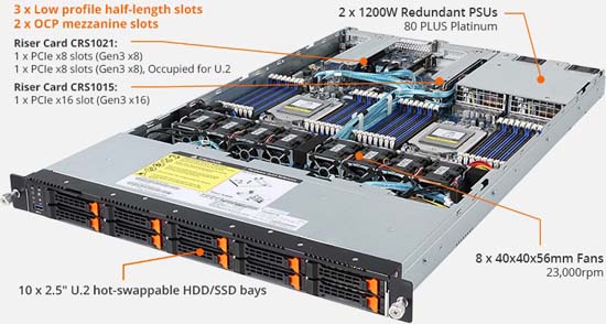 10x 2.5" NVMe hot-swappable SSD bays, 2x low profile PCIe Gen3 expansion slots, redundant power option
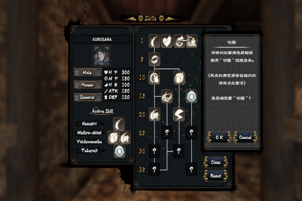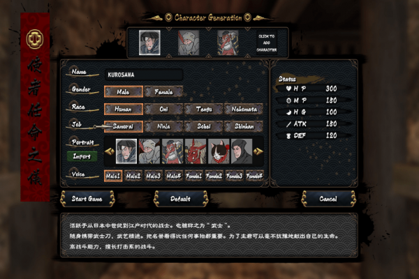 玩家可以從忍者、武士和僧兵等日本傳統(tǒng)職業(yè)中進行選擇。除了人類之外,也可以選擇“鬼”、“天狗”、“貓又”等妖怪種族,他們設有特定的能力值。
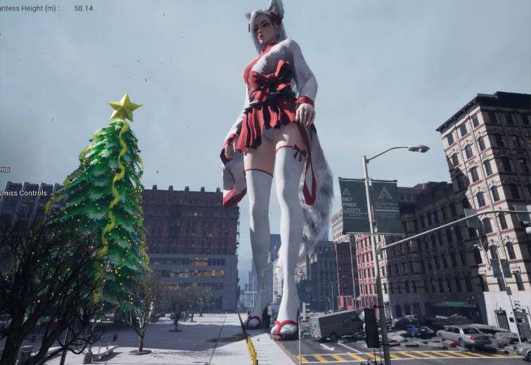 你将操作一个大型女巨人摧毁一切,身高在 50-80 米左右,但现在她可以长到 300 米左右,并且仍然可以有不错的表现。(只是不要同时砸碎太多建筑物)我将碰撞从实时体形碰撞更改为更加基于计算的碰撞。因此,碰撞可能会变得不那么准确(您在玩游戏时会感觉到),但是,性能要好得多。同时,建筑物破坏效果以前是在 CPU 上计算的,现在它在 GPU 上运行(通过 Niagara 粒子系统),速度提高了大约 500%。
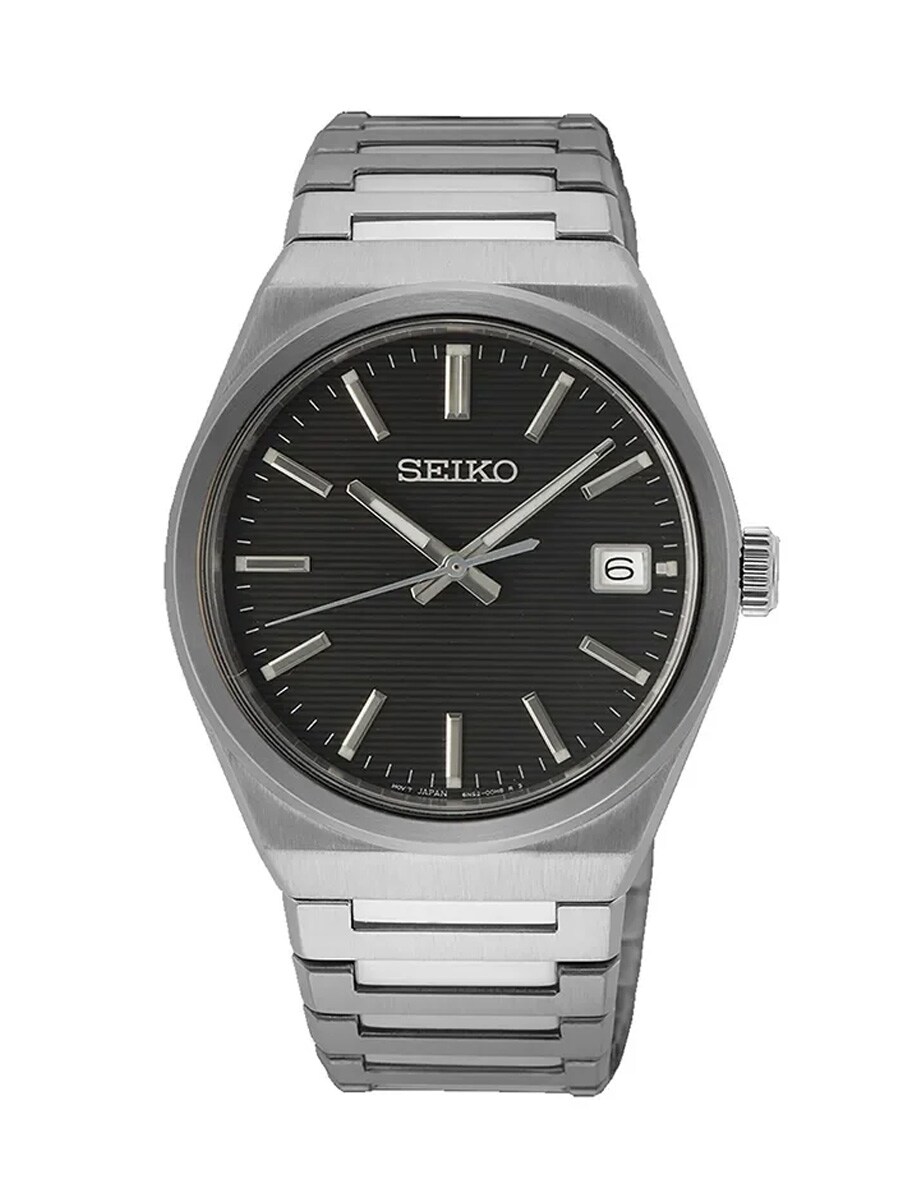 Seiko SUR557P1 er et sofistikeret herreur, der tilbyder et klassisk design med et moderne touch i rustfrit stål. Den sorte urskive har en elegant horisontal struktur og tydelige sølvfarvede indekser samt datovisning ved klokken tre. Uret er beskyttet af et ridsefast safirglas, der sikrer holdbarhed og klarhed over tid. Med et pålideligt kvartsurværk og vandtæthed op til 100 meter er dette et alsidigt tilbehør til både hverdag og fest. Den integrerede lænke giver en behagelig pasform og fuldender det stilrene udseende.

# PROBLEM TO WORK ON
Leave the images out as you retype each line of the material exactly.

# REPLY
 10x 2.5" NVMe hot-swappable SSD bays, 2x low profile PCIe Gen3 expansion slots, redundant power option
 玩家可以從忍者、武士和僧兵等日本傳統(tǒng)職業(yè)中進行選擇。除了人類之外,也可以選擇“鬼”、“天狗”、“貓又”等妖怪種族,他們設有特定的能力值。
 你将操作一个大型女巨人摧毁一切,身高在 50-80 米左右,但现在她可以长到 300 米左右,并且仍然可以有不错的表现。(只是不要同时砸碎太多建筑物)我将碰撞从实时体形碰撞更改为更加基于计算的碰撞。因此,碰撞可能会变得不那么准确(您在玩游戏时会感觉到),但是,性能要好得多。同时,建筑物破坏效果以前是在 CPU 上计算的,现在它在 GPU 上运行(通过 Niagara 粒子系统),速度提高了大约 500%。
 Seiko SUR557P1 er et sofistikeret herreur, der tilbyder et klassisk design med et moderne touch i rustfrit stål. Den sorte urskive har en elegant horisontal struktur og tydelige sølvfarvede indekser samt datovisning ved klokken tre. Uret er beskyttet af et ridsefast safirglas, der sikrer holdbarhed og klarhed over tid. Med et pålideligt kvartsurværk og vandtæthed op til 100 meter er dette et alsidigt tilbehør til både hverdag og fest. Den integrerede lænke giver en behagelig pasform og fuldender det stilrene udseende.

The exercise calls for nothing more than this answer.